_Your objective_
Transcribe only the part of the material below that begins at the line containing "Silksong потеряла позицию" and ends at the line containing "肩と腕の三角形を保って振り抜", with both kept and images left out.

_Data for this exercise_
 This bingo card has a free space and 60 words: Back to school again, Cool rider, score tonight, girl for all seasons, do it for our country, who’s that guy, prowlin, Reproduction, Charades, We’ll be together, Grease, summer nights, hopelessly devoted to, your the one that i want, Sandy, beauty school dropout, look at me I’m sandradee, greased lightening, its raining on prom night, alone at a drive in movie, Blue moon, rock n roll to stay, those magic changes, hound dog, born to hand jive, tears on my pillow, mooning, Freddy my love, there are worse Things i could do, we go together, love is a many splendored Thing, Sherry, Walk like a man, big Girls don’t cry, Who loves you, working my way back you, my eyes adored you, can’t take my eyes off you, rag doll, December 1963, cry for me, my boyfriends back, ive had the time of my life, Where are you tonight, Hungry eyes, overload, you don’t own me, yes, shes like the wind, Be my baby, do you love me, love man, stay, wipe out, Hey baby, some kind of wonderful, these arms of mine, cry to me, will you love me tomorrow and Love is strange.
==
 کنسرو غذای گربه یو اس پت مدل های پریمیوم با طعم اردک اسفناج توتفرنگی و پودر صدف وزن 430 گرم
* * *
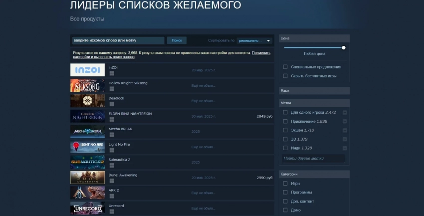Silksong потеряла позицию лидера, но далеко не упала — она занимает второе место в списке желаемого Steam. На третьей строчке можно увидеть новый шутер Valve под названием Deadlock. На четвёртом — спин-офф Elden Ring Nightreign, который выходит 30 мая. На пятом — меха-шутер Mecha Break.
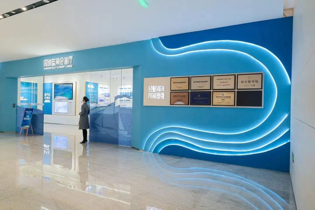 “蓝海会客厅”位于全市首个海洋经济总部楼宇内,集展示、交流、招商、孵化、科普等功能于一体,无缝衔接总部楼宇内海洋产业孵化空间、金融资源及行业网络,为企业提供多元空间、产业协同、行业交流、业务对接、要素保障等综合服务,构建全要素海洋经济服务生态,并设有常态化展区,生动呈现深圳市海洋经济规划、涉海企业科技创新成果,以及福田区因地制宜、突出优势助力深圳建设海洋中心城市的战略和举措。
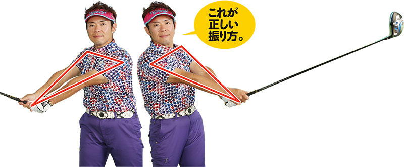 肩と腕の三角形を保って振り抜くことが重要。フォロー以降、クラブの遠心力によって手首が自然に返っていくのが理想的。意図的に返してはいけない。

_Solution for this problem_
Silksong потеряла позицию лидера, но далеко не упала — она занимает второе место в списке желаемого Steam. На третьей строчке можно увидеть новый шутер Valve под названием Deadlock. На четвёртом — спин-офф Elden Ring Nightreign, который выходит 30 мая. На пятом — меха-шутер Mecha Break.
 “蓝海会客厅”位于全市首个海洋经济总部楼宇内,集展示、交流、招商、孵化、科普等功能于一体,无缝衔接总部楼宇内海洋产业孵化空间、金融资源及行业网络,为企业提供多元空间、产业协同、行业交流、业务对接、要素保障等综合服务,构建全要素海洋经济服务生态,并设有常态化展区,生动呈现深圳市海洋经济规划、涉海企业科技创新成果,以及福田区因地制宜、突出优势助力深圳建设海洋中心城市的战略和举措。
 肩と腕の三角形を保って振り抜くことが重要。フォロー以降、クラブの遠心力によって手首が自然に返っていくのが理想的。意図的に返してはいけない。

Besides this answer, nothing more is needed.